EXERCISE REQUIREMENTS: Print each entry in full, word for word, with no pictures in the result.

Source data:
....

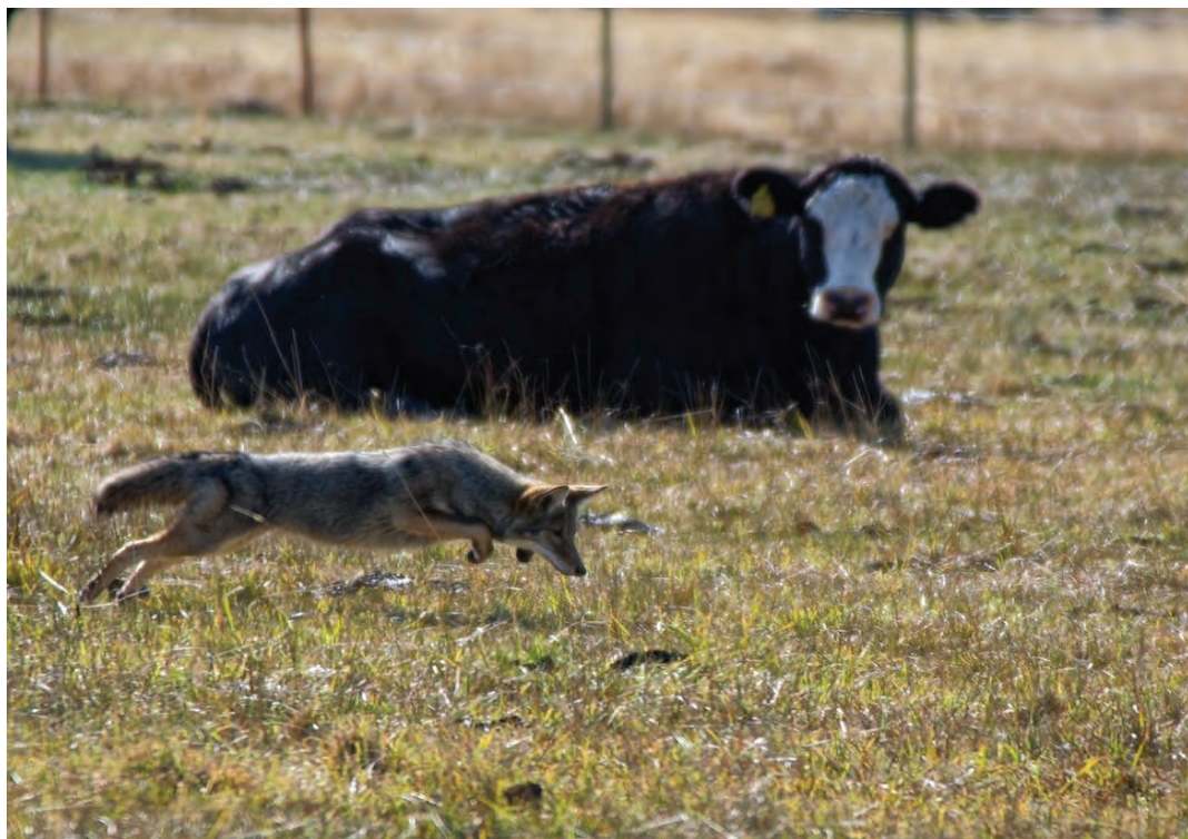
Coyote hunts rodents not cows.

Predation management researchers are not the only ones who have observed this relationship between
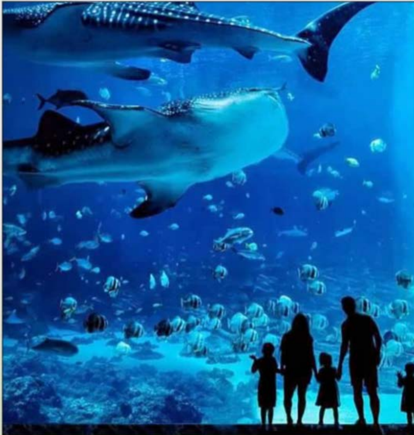
Whale sharks at the Georgia Aquarium
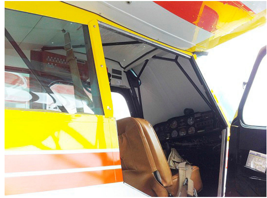
Bellanca Citabria Windshield & Skylight HeatShields
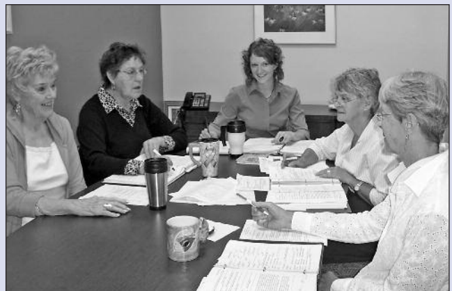
Weekly case conference meeting with volunteers.
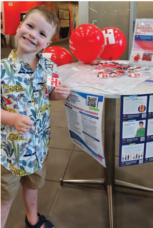
Dolphins Aquatic and Fitness Centre, Redcliffe, QLD
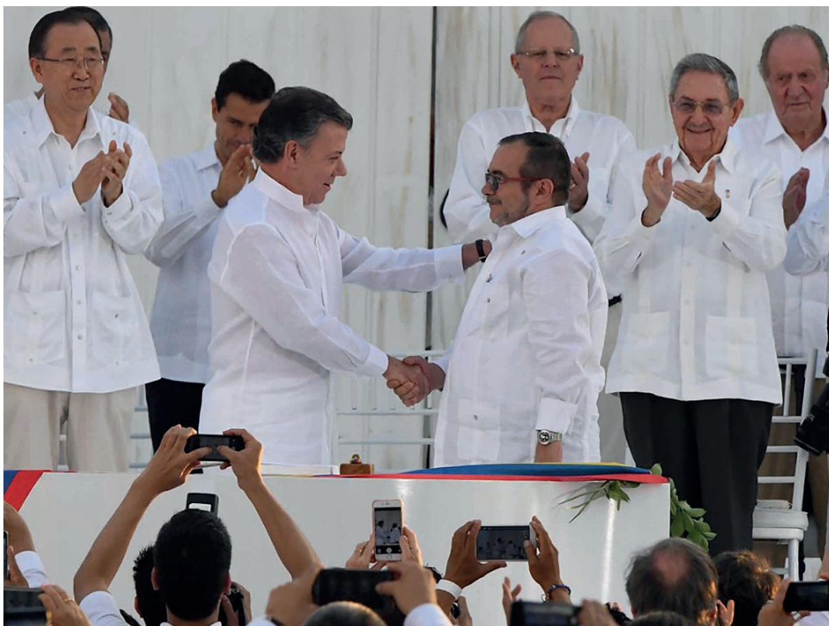
Colombian President Juan Manuel Santos and FARC leader Rodrigo Londoño Echeverri shake hands at the signing ceremony of the Havana Peace Agreement in Cartagena, Colombia.

By contrast, the collective transformation of the FARC-EP into a political party was a central element of the 2016 Havana Peace Agreement. It comprised elements of political participation, political opposition rights and electoral reform. However, the agreement lacked clarity and depth with regard to the political, economic and social reintegration of ex-combatants.
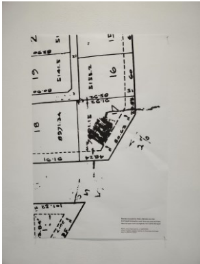
chevy chase land co., c. 1942 , 2022 Digital illustration on enhanced matte paper 36 x 24 inches Not for sale
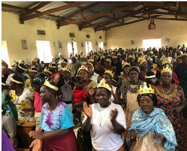
500 attend women's conference
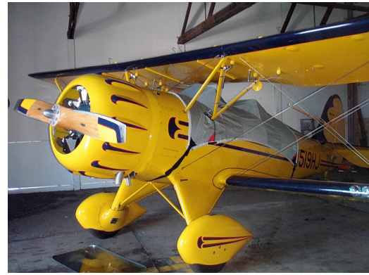
Waco YMF Canopy Cover
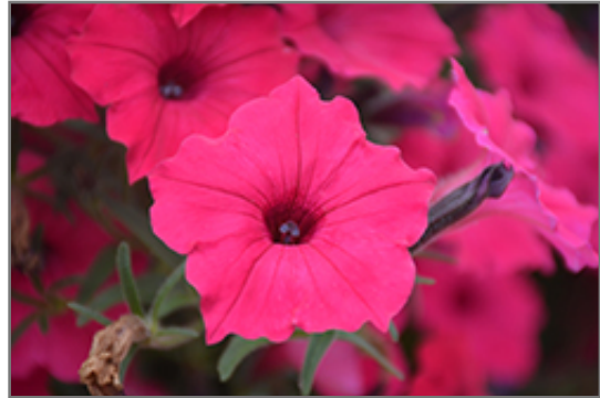
Supertunia Vista Fuchsia Petunia flowers

Supertunia Vista Fuchsia Petunia is recommended for the following landscape applications;
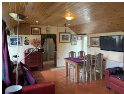
Large Living Room/Dining Room with Stove & wood ceiling
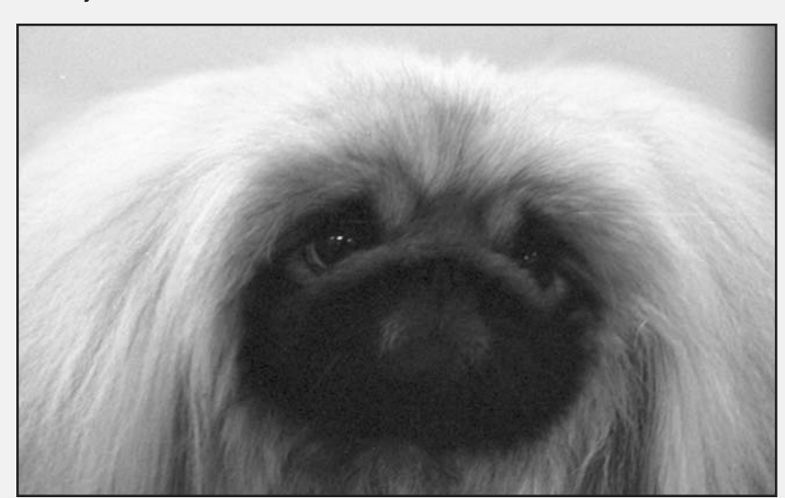
CH Dèjá vu It Had to Bee You "BIJOU", photo by Pam Guevarra
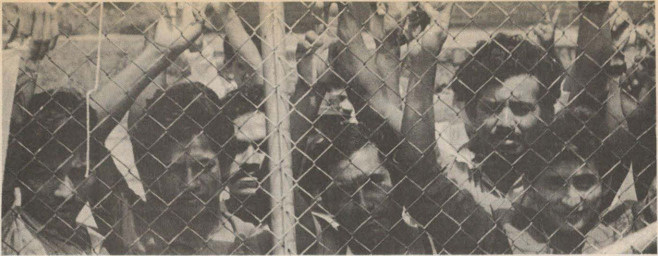
Striking workers occupy a textile factory in El Salvador.

that seceded from the party, and coincided with some process of unification of the Mexican left after the dissolution of the Communist Party in Mexico and other left forces. All of these elements coincided and resulted in the formation of a political party that saw as its most important task the democratization of Mexico. In this case, obviously not only the state, doing away with the one-party corporatist rule, but also
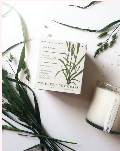
Kobo, shown by Keena | C1035, C1053
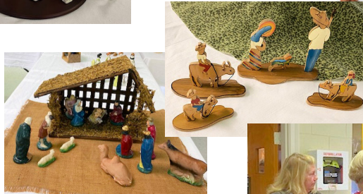
DoK Coffee Hour—Dec 11
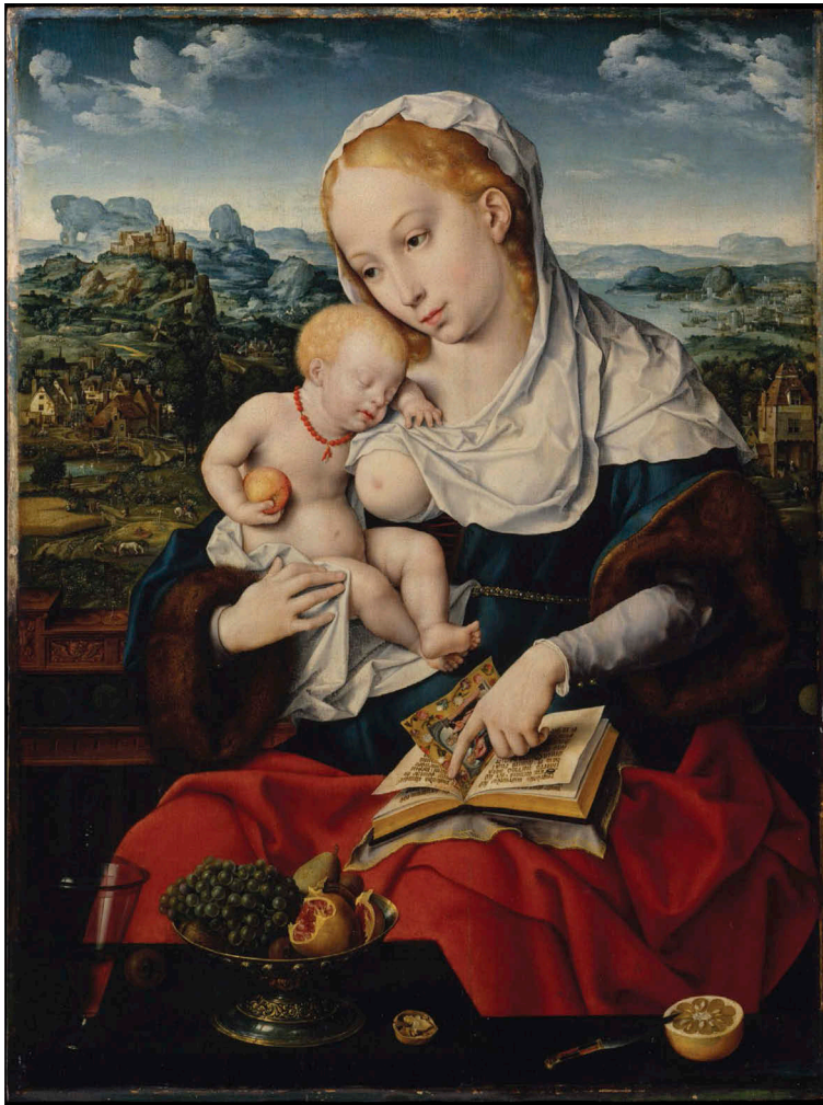
Figure 5. Joos van Cleve (and a collaborator), Virgin and Child , c. 1525. Oil on panel, 72.1 × 54 cm, Metropolitan Museum of Art, New York.
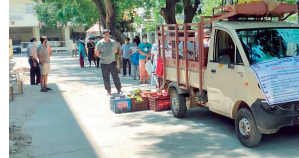
Residents form a queue to purchase essential items from a mobile rythu bazaar van on Saturday.

The Mayor stressed that people can immediately complain to the local police and warders, who are selling essential commodities at exorbitant prices during the lockdown period. He appealed to the citizens not to fall prey to black-marketers and hoarders, who are selling essential commodities at exorbitant prices during the lockdown period.
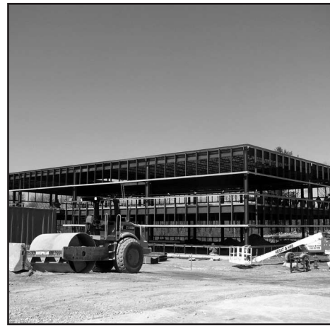
Whelan Associates, LLC, Office Space for Rent 31 Roche Brothers Way, Easton
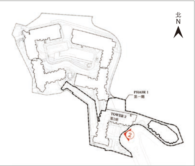
Key Plan 指示圖

Authorized Person for the Phase certified that the elevations shown on these plan:
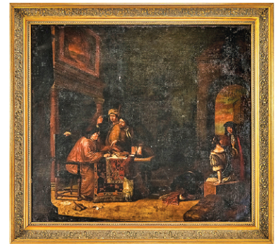
O/C 17th c Flemish School The Money Lenders
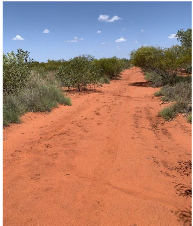
Figures 4 (left) and 5: All aeromagnetic features are covered by at least 40 metres of sand cover. New tracks as well as track repair are proposed.
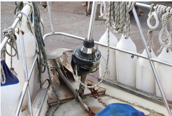
Ocean Going Sea Trader furling gear
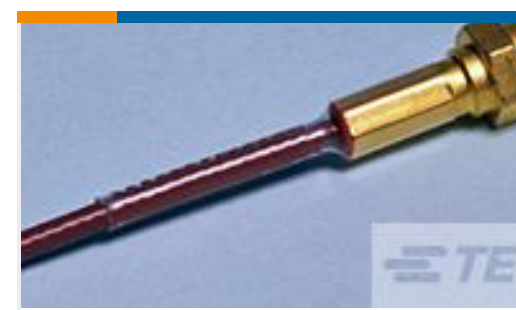
TE Part #CV4354-000 HT-200-3/64-X-SP
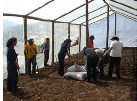
One of the recently sent pictures shows the fruits of our labor

In order to bring the much needed medical supplies to Peru, we enlisted donations of large suitcases. We filled them to capacity!
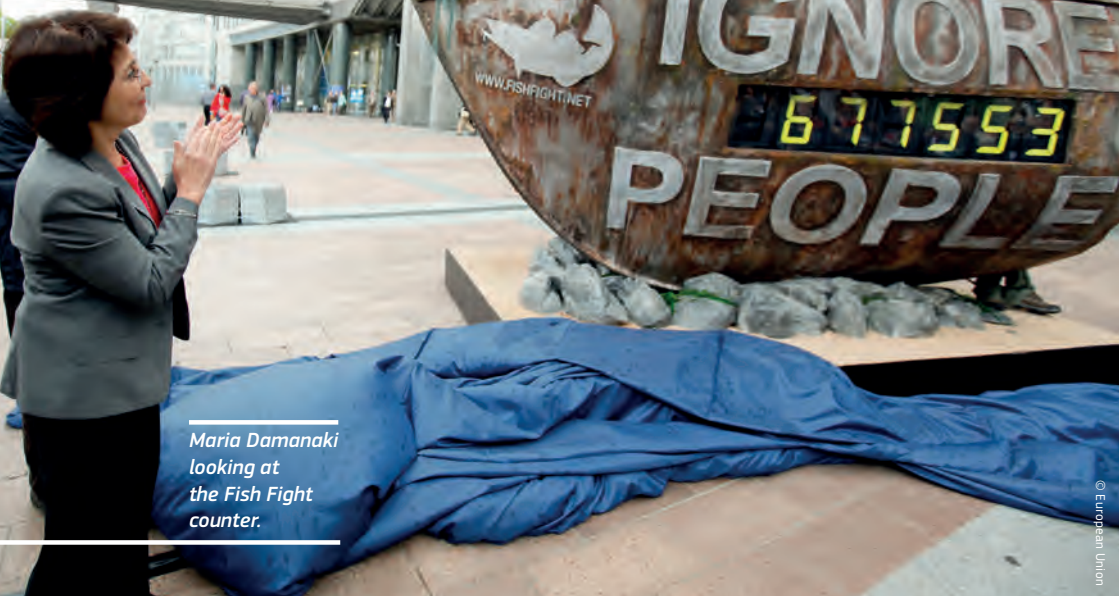
Maria Damanaki looking at the Fish Fight counter.

We, the policy makers, carry a dual responsibility here: we must make sure that populations are sustainably fed on one hand, and that the industry is competitive on the other. Aquaculture can solve a big part of both challenges.
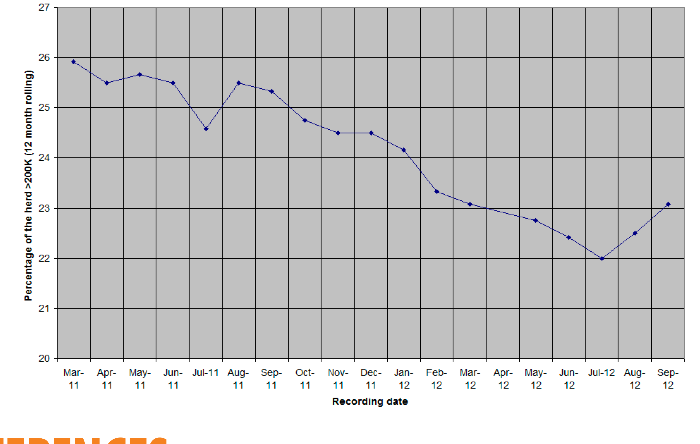
Figure 2. Percentage of the herd with somatic cell count greater than 200,000 cells per ml (12 month rolling mean) from March 2011 to September 2012.

Subsequent to these alterations, the incidence of clinical mastitis remained unacceptably high at between 80 and 90 cases per 100 cows per year and the decision was taken to vaccinate the herd against E.coli , Staphylococcus aureus , coliforms and coagulase-negative Staphylococci (CNS) using a commercially available product (Startvac<sup>®</sup>: Hipra UK Ltd.) The vaccination regime used consisted of an initial course of two doses of vaccine given one month apart followed by a booster dose every three months thereafter.
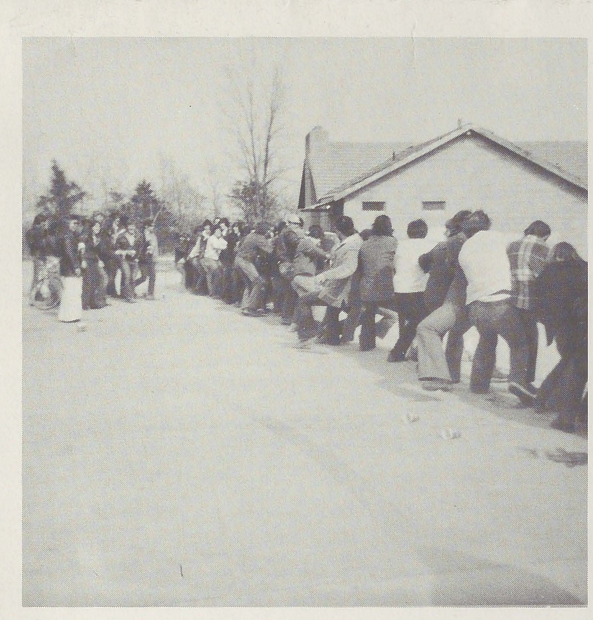
All hands on deck...
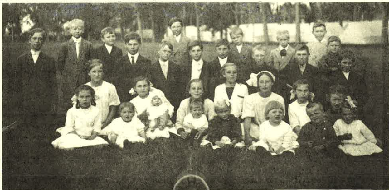
Group of children at Campmeeting, Rocky Mtn. Lake Park, 1913

....

RESULT FOR THIS EXERCISE:
Coyote hunts rodents not cows.

Predation management researchers are not the only ones who have observed this relationship between
Whale sharks at the Georgia Aquarium
Bellanca Citabria Windshield & Skylight HeatShields
Weekly case conference meeting with volunteers.
Dolphins Aquatic and Fitness Centre, Redcliffe, QLD
Colombian President Juan Manuel Santos and FARC leader Rodrigo Londoño Echeverri shake hands at the signing ceremony of the Havana Peace Agreement in Cartagena, Colombia.

By contrast, the collective transformation of the FARC-EP into a political party was a central element of the 2016 Havana Peace Agreement. It comprised elements of political participation, political opposition rights and electoral reform. However, the agreement lacked clarity and depth with regard to the political, economic and social reintegration of ex-combatants.
chevy chase land co., c. 1942 , 2022 Digital illustration on enhanced matte paper 36 x 24 inches Not for sale
500 attend women's conference
Waco YMF Canopy Cover
Supertunia Vista Fuchsia Petunia flowers

Supertunia Vista Fuchsia Petunia is recommended for the following landscape applications;
Large Living Room/Dining Room with Stove & wood ceiling
CH Dèjá vu It Had to Bee You "BIJOU", photo by Pam Guevarra
Striking workers occupy a textile factory in El Salvador.

that seceded from the party, and coincided with some process of unification of the Mexican left after the dissolution of the Communist Party in Mexico and other left forces. All of these elements coincided and resulted in the formation of a political party that saw as its most important task the democratization of Mexico. In this case, obviously not only the state, doing away with the one-party corporatist rule, but also
Kobo, shown by Keena | C1035, C1053
DoK Coffee Hour—Dec 11
Figure 5. Joos van Cleve (and a collaborator), Virgin and Child , c. 1525. Oil on panel, 72.1 × 54 cm, Metropolitan Museum of Art, New York.
Residents form a queue to purchase essential items from a mobile rythu bazaar van on Saturday.

The Mayor stressed that people can immediately complain to the local police and warders, who are selling essential commodities at exorbitant prices during the lockdown period. He appealed to the citizens not to fall prey to black-marketers and hoarders, who are selling essential commodities at exorbitant prices during the lockdown period.
Whelan Associates, LLC, Office Space for Rent 31 Roche Brothers Way, Easton
Key Plan 指示圖

Authorized Person for the Phase certified that the elevations shown on these plan:
O/C 17th c Flemish School The Money Lenders
Figures 4 (left) and 5: All aeromagnetic features are covered by at least 40 metres of sand cover. New tracks as well as track repair are proposed.
Ocean Going Sea Trader furling gear
TE Part #CV4354-000 HT-200-3/64-X-SP
One of the recently sent pictures shows the fruits of our labor

In order to bring the much needed medical supplies to Peru, we enlisted donations of large suitcases. We filled them to capacity!
Maria Damanaki looking at the Fish Fight counter.

We, the policy makers, carry a dual responsibility here: we must make sure that populations are sustainably fed on one hand, and that the industry is competitive on the other. Aquaculture can solve a big part of both challenges.
Figure 2. Percentage of the herd with somatic cell count greater than 200,000 cells per ml (12 month rolling mean) from March 2011 to September 2012.

Subsequent to these alterations, the incidence of clinical mastitis remained unacceptably high at between 80 and 90 cases per 100 cows per year and the decision was taken to vaccinate the herd against E.coli , Staphylococcus aureus , coliforms and coagulase-negative Staphylococci (CNS) using a commercially available product (Startvac<sup>®</sup>: Hipra UK Ltd.) The vaccination regime used consisted of an initial course of two doses of vaccine given one month apart followed by a booster dose every three months thereafter.
All hands on deck...
Group of children at Campmeeting, Rocky Mtn. Lake Park, 1913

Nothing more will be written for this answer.